A declaration by Cowen last week that the recession in the state is technically over was widely derided as an attempt to ‘talk up’ both the economy and his flagging leadership.

The latest figures show the 26 County state is now seeing growth in its Gross Domestic Product, but only as a result of multinational corporations increasingly using the state’s tax haven status to declare profits from overseas.

Some 2,000 jobs have been lost each week since the current government came into office and there have been warnings this week that 4,000 more workers are set to lose their jobs at a stroke in eircom and the two main Irish banks.

Mr Cowen said the Government was dealing with the issue on a daily basis, and “the only way we can create more jobs is to make our economy more competitive” and by continuing the bailout of the banking and property sectors.

He said “jobs will not be created in a vacuum, and will not be created on the basis of letting our public finances go out of control”.

“They certainly will not be created by the contention that we should not try to repair the banking system, which is fundamental.”

The government is reported to be considering the sale of a number of semi-state organisations such as the ESB, Bord Gais and others in order to finance the budget.

Sinn Féin Finance Spokesperson Arthur Morgan said his party will resist the selling off of state enterprises, or what he called ‘the family silver’.

Morgan said privatising buoyant state companies which are actually returning investment for the public coffers would not fix the economy.

“It was not state companies that helped cause this crisis, but private banks, and history has shown that privatising services leads to a diminishment in those services.

“We can see from news today that it also leads to unstable working conditions, as the employees of Eircom can testify to.

“Privatising companies is an ideological agenda pursued by Fianna Fáil and Fine Gael for decades.
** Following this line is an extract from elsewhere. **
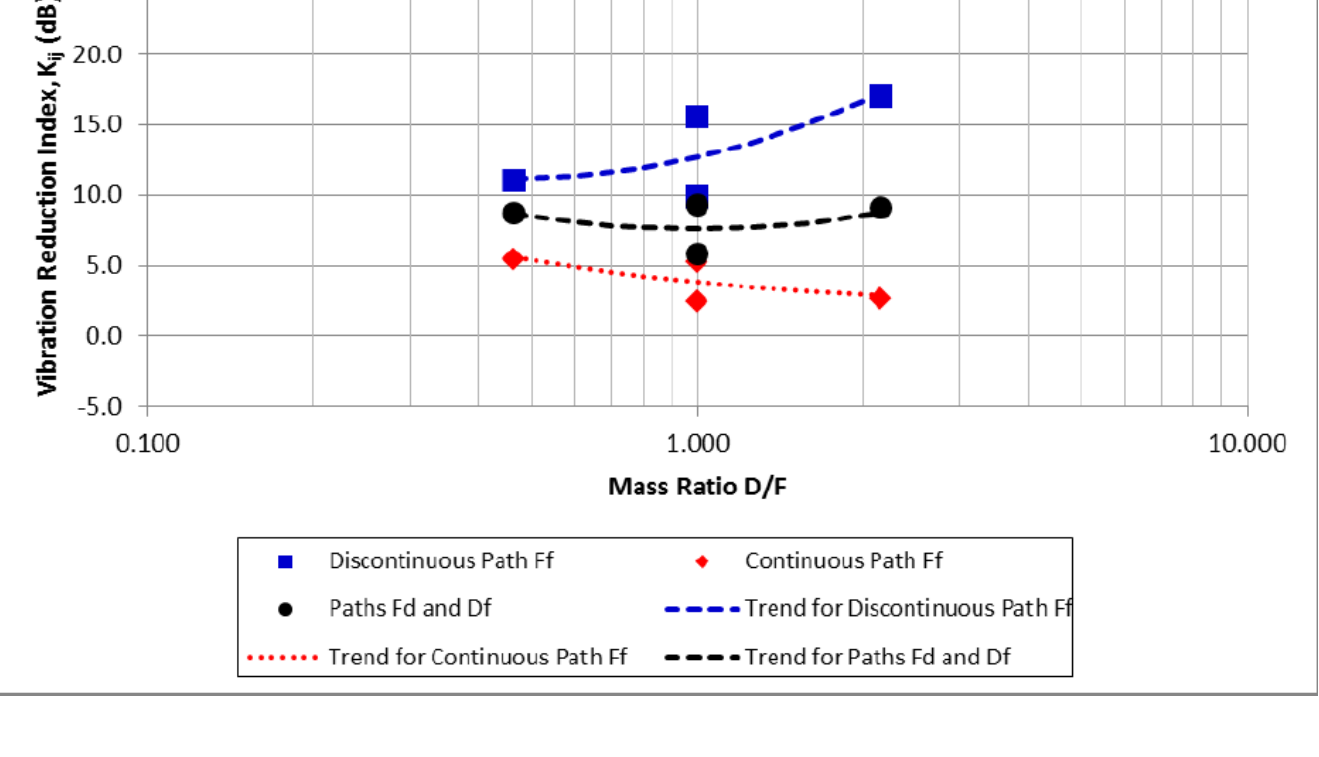 A A A The Vibration Reduction Index of Typical Canadian Cross-laminated Timber Junctions Jeffrey Mahn 1 National Research Council Canada 1200 Montreal Rd, Ottawa, Canada K1A 0R6 Markus Müller-Trapet National Research Council Canada 1200 Montreal Rd, Ottawa, Canada K1A 0R6 Iara B. Cunha National Research Council Canada 1200 Montreal Rd, Ottawa, Canada K1A 0R6 ABSTRACT In support of the National Building Code of Canada, The National Research Council Canada has published research report RR-335 which describes the results of measurements of the transmission of structure-borne noise through junctions between mass timber elements. The Code only allows for the use of measured data for the vibration reduction index from the NRC’s reports or reports from other research institutes. The Code does not currently allow for the use of empirical data for the calculation of the apparent sound transmission class of mass timber buildings. A lack of published data for typical mass timber junctions used in Canada can result in the overdesign of buildings or buildings which don’t meet the acoustic requirements of the Code. The NRC has embarked on a program to measure the vibration reduction index of a number of mock junctions of typical junctions used in Canada including junctions between cross-laminated timber floors and lightweight timber framed walls. The new data will aid in the development of empirical models of typical Canadian mass timber constructions. 1. INTRODUCTION The acoustic requirements of the National Building Code of Canada describe the estimation of the apparent sound transmission class (ASTC) rating according to ISO 12354 [1], but modified to use ASTM metrics as outlined in the Guide RR-331 [2]. While the Code allows for the empirical data from Annex E of ISO 12354 to be used to estimate the vibration reduction index (𝐾 𝑖𝑗 ) for concrete and concrete masonry assemblies, the Code requires that the vibration reduction index for cross- laminated timber (CLT) assemblies must be measured. To this end, the National Research Council Canada (NRC) has published the Report RR-335 [3] which includes data for a number of different CLT junctions. However, not every possible combination of floor, wall and connectors has been evaluated in RR- 335 which limits the choices for designers and builders of CLT constructions. 1 jeffrey.mahn@nrc-cnrc.gc.ca 21-24 auGUST Scortsi event Cas La inter.noise | ee 2022 A new research project at the NRC has set out to measure data for floor / wall and wall / wall junctions using different connector types and spacing to fill in some of the gaps in the existing knowledge for the vibration reduction index of CLT junctions. The planned outcome will be curves based on the empirical data that can be used for the prediction of the 𝐾 𝑖𝑗 values, similar to what is presented in Annex E of ISO 12354. 2. JUNCTION DESIGN The NRC has measured the 𝐾 𝑖𝑗 values for a number of junctions with similar mass rations such as a 3-ply wall connected to another 3-ply wall or a 5-ply wall. The CLT thicknesses for the wall / wall junctions of this study were chosen to measure the 𝐾 𝑖𝑗 values for more extreme mass ratios such as a 9-ply wall connected to a 3-ply wall. The new data points are intended to better define the curves shown in Report RR-335 such as that shown in Figure 1. Figure 1: The mean 𝐾 𝑖𝑗 values and the best fit curves for cross-junctions using angle brackets from RR-335 [3]. The 9-ply connected to the 3-ply will give mass ratios closer to 4 and .25. Other combinations of 3, 5 , 7 and 9 ply elements will fill in the empty spaces between the extremes. In addition to the cross-junctions to be evaluated, the 𝐾 𝑖𝑗 values for T-junctions will also be evaluated. 3. CONNECTORS Research report RR-335 is currently restricted to data for brackets fastened at 600 mm on center. The new study will include data for brackets spaced at typical distances as well as resilient connections between the elements. For example, a 7-ply wall connected to a 3-ply wall in an X-junction with brackets spaced 600 mm on center is shown in Figure 2. Wall-Wall Cross-Junction with Angle Brackets 11000 20000 ‘ass Ratio D/E (8 Pat and ot ====Trendforbicomtrous Path Figure 2: A cross-junction between a 7-ply wall and 3-ply walls. The walls are connected with brackets. The wall sizes are in full accordance with the requirements of ISO 10848 [4]. Each type of connector and spacing is anticipated to result in a different curve of 𝐾 𝑖𝑗 values. 3. RESULTS All of the results of the study will be published in a new version of the Report RR-335 to be issued in 2023 to support the National Building Code of Canada. 4. CONCLUSIONS The current lack of data and estimates for the 𝐾 𝑖𝑗 values for CLT junctions limits the use of CLT elements in building designs since it is difficult for designers and builders to demonstrate compliance with Code requirements without post-construction testing. The inclusion of new data in the development of empirical curves of the 𝐾 𝑖𝑗 values for typical Canadian CLTs will hasten the acceptance and use of CLT elements in building designs. 5. REFERENCES [1] “ISO 12354-1:2017 Building acoustics. Estimation of acoustic performance in buildings from the performance of elements - Part 1: Airborne sound insulation between rooms”, International Organization for Standardization, Geneva, Switzerland (2017). [2] Mahn, J., Quirt, D., Cunha, I., and Müller-Trapet, M., “RR-331: Guide to Calculating Airborne Sound Transmission in Buildings: 6th Edition”, National Research Council Canada, Ottawa, Canada (2022). [3] Mahn, J., Quirt, D., Mueller-Trapet, M., and Hoeller, C., “RR-335: Apparent Sound Insulation in Mass Timber Buildings”, National Research Council Canada, Ottawa, Canada (2019). [4] “ISO 10848-1:2017 - Acoustics - Laboratory measurement of the flanking transmission of airborne and impact sound between adjoi

Behind it is short-sighted greed and often those who benefit have close ties to the government in power.”

Sinn Féin Vice-President Mary Lou McDonald said it was unacceptable that the Dublin parliament would go on a three-month break next week while nothing has been done to tackle the jobs crisis.

“There is no strategy to create jobs. This government is now trying to convince people that the economy has turned a corner, but economic growth in the absence of jobs is pointless. Despite some newspaper headlines heralding the end of the recession, the reality is that there are now more unemployed today than at any time in the history of the state.

“This week, with the media distracted by internal government wranglings over stag hunting and dog breeding, the government quietly pushed through legislation cutting social welfare entitlements.

“These cuts will cause real hardship for people who have no confidence of returning to the workforce any day soon given that nothing is being done to create jobs. Cutting public services and welfare undermines the state’s ability to make an economic recovery.

“Its time to implement the kind of job creation proposals set out by Sinn Féin over the last couple of years. We need to invest in job creation and bring forward specific strategies for potential growth sectors of the economy – sectors such as digital media, IT, agri-food, tourism and environmental technologies.

“Sinn Féin has advocated a concerted push by Government to stimulate economic growth and put in place a comprehensive job retention and creation strategy. But the Government is closing its eyes and ears to any alternative to its failed policies.”